EXERCISE INSTRUCTIONS: Give the data below again exactly as written, without its pictures.

INFORMATION SHOWN:
* * *

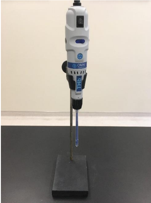
Figure 1 – Homogenizer 图一 高速搅拌器
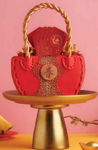
Golden Fortune Bag (Pineapple Pound Cake) 黄金福袋 (黄梨蛋糕)
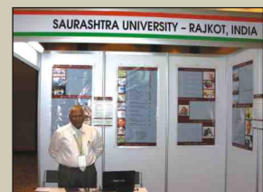
Saurashtra University - Rajkot
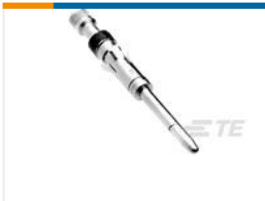
TE Part # 204219-1 PIN CONTACT ASSY.

* * *

ANSWER SECTION:
Figure 1 – Homogenizer 图一 高速搅拌器
Golden Fortune Bag (Pineapple Pound Cake) 黄金福袋 (黄梨蛋糕)
Saurashtra University - Rajkot
TE Part # 204219-1 PIN CONTACT ASSY.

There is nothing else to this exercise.